What is the R number, and why is it relevant to coronavirus?

The reproduction number – often called the R value or R number – is a measure of a disease’s ability to spread. It tells us how many people a single infected person will pass on the disease to.

The R number for COVID-19 that’s being quoted in the media and government briefings is what’s known as the ‘effective’ reproduction number. This value can go up and down.

We can reduce R by making it harder for the disease to spread, by implementing measures such as social distancing, closing restaurants and non-essential shops, and encouraging people to stay at home.

Every disease also has what’s called a ‘basic’ reproduction number, R0, which is the fixed value of R if no measures are put in place. For example, measles is highly contagious, with a R0 as high as 18, while COVID-19 has a R0 of around three.

So if COVID-19 was allowed to spread through the population, an infected person would, on average, give the disease to three other people.

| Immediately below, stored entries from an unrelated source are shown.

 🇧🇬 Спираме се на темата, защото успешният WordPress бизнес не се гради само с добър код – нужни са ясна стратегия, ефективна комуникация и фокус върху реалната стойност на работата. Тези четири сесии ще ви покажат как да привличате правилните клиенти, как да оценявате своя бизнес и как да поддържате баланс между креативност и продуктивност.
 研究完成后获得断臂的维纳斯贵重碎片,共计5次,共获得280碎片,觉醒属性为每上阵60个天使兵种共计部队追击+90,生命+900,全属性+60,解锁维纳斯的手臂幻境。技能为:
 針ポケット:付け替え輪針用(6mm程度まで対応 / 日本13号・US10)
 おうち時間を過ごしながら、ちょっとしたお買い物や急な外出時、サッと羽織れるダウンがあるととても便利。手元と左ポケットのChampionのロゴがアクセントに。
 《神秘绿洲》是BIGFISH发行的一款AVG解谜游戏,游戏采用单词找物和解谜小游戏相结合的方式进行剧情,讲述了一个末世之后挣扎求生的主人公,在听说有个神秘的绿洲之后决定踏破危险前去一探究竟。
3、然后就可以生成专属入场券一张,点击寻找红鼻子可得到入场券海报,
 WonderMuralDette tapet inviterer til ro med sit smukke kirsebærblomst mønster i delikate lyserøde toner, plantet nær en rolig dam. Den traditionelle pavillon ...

But if all these people are practising physical distancing, then the virus can’t spread so easily and the effective R value goes down.

The crucial thing is to keep R below 1. If we can do this, then the number of new cases dwindles and the outbreak will eventually come to a halt.

Conversely, if R rises above 1, then we run the risk of rapidly escalating case numbers that would require stronger measures to keep the virus under control.

Because of this, R is used by governments to assess how we are doing in our efforts to stop the spread of COVID-19, and to adjust our actions, if needed.